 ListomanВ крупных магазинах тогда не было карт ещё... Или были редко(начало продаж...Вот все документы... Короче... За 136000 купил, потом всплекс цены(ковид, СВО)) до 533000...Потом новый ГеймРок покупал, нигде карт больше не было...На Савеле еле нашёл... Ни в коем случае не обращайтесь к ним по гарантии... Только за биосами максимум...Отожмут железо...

========

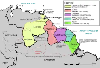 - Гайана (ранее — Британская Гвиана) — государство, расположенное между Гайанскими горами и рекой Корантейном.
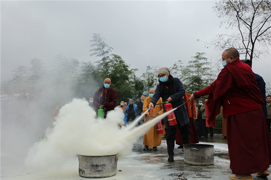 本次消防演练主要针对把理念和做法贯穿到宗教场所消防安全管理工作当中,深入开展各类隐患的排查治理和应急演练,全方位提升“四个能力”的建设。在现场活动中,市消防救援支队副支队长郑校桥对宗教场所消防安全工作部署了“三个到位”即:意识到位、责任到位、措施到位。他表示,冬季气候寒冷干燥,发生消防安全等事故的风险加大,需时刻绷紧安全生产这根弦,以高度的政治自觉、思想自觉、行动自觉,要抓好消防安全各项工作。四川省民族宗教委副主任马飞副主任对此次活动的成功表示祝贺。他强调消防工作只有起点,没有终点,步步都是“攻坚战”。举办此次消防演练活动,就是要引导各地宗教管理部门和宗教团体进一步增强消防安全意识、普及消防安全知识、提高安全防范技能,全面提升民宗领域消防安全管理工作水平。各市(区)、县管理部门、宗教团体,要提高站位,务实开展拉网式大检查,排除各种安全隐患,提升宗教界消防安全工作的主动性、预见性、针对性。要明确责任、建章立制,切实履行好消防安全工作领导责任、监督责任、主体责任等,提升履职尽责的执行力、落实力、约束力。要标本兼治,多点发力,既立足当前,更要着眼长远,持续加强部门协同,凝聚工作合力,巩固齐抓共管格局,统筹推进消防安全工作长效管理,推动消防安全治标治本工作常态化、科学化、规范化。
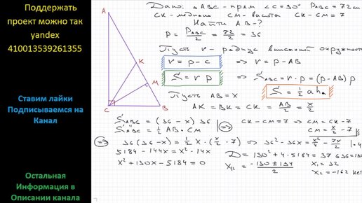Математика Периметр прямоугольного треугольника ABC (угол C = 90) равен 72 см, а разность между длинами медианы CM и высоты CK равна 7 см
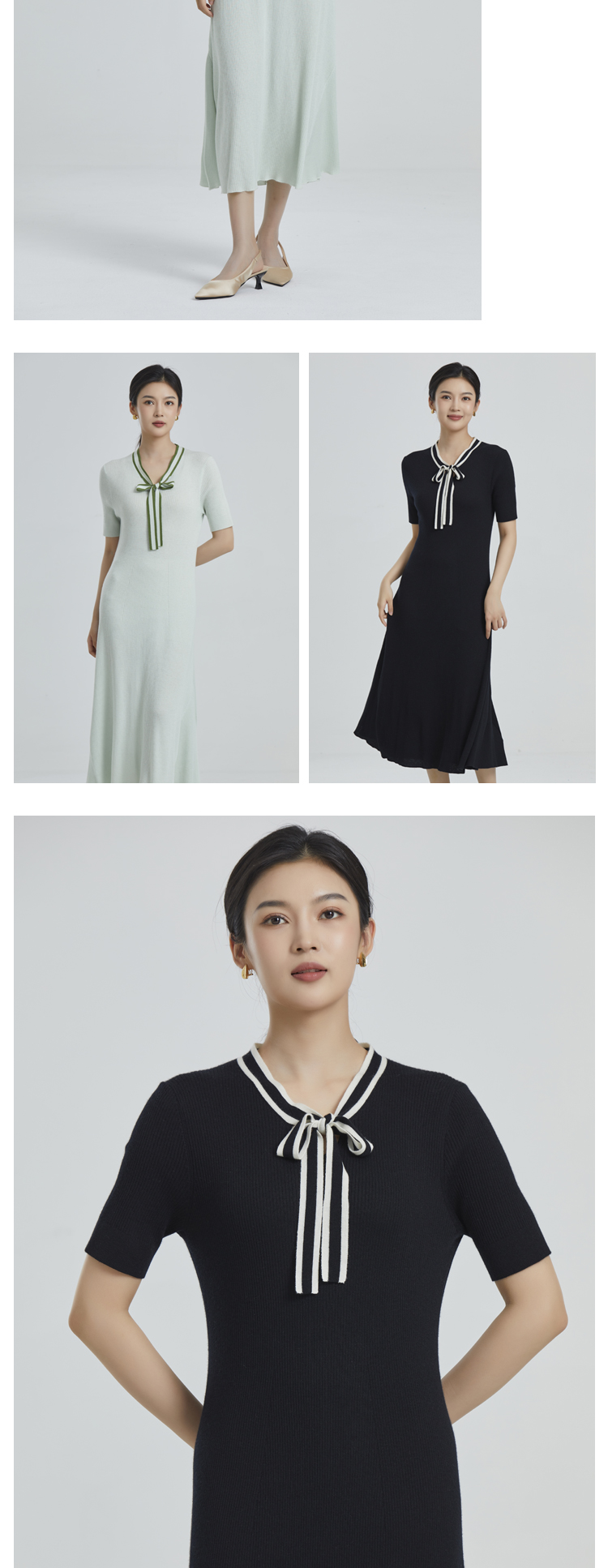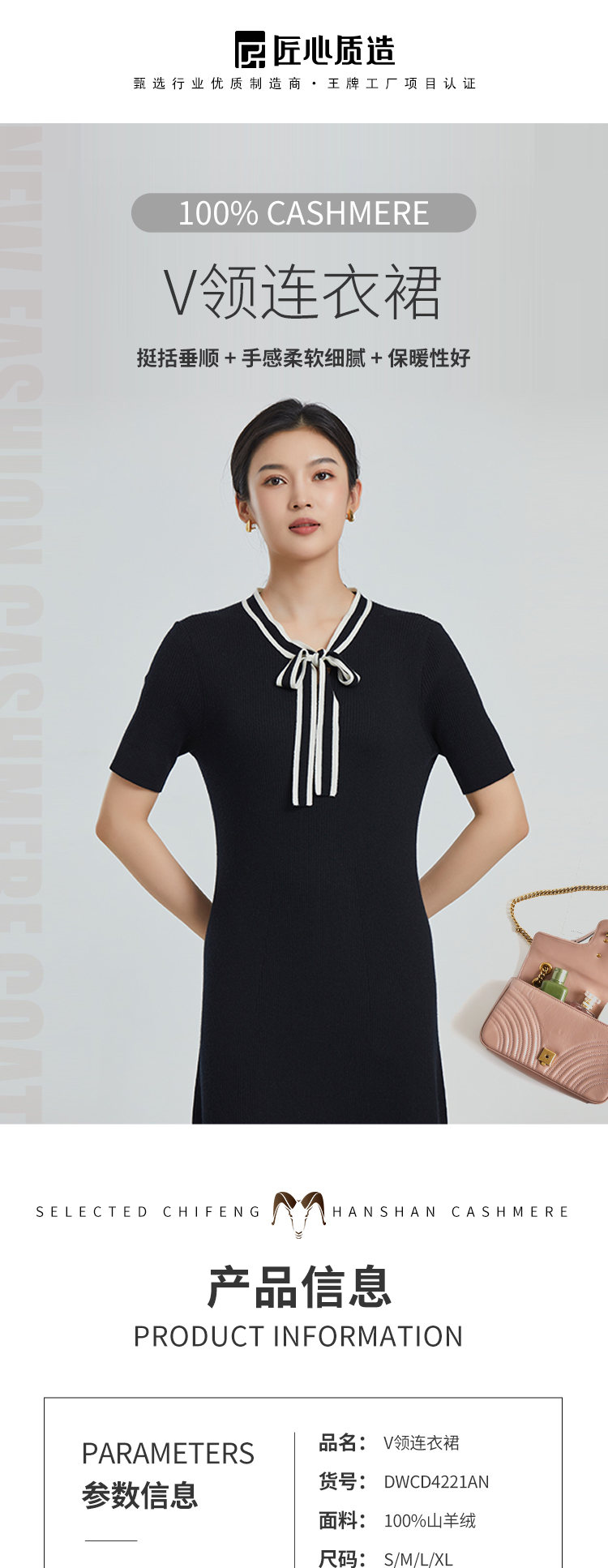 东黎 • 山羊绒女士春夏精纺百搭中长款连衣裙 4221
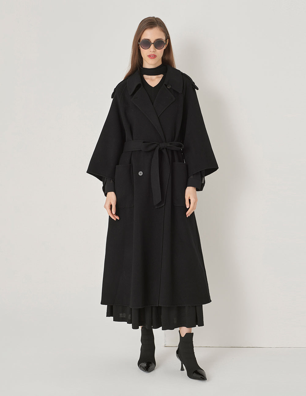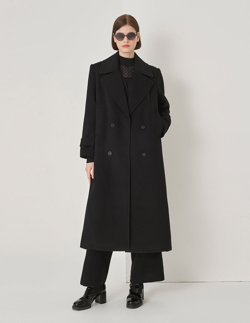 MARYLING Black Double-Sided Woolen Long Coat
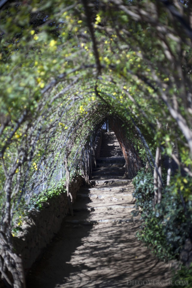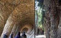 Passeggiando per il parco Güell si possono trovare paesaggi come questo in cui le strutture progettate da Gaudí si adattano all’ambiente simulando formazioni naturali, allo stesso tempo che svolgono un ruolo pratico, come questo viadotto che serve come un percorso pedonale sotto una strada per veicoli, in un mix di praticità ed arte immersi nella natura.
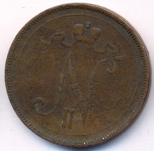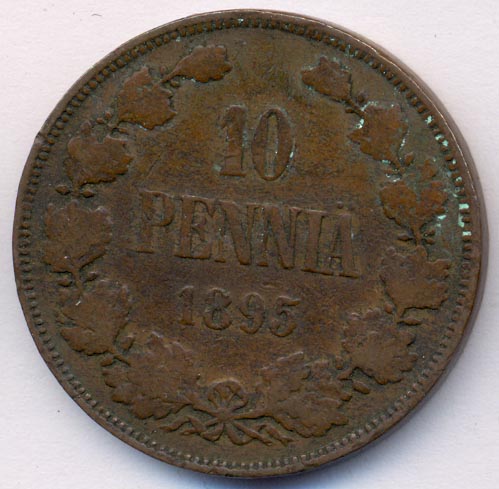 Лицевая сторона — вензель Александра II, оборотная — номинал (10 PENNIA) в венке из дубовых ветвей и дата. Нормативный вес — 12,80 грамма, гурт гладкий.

========

* About this exercise
Return the material from the line containing "Математика Периметр прямоугольного" through the line containing "Лицевая сторона —", exactly and in full, but without its pictures.

* Solution to the problem
Математика Периметр прямоугольного треугольника ABC (угол C = 90) равен 72 см, а разность между длинами медианы CM и высоты CK равна 7 см
 东黎 • 山羊绒女士春夏精纺百搭中长款连衣裙 4221
 MARYLING Black Double-Sided Woolen Long Coat
 Passeggiando per il parco Güell si possono trovare paesaggi come questo in cui le strutture progettate da Gaudí si adattano all’ambiente simulando formazioni naturali, allo stesso tempo che svolgono un ruolo pratico, come questo viadotto che serve come un percorso pedonale sotto una strada per veicoli, in un mix di praticità ed arte immersi nella natura.
 Лицевая сторона — вензель Александра II, оборотная — номинал (10 PENNIA) в венке из дубовых ветвей и дата. Нормативный вес — 12,80 грамма, гурт гладкий.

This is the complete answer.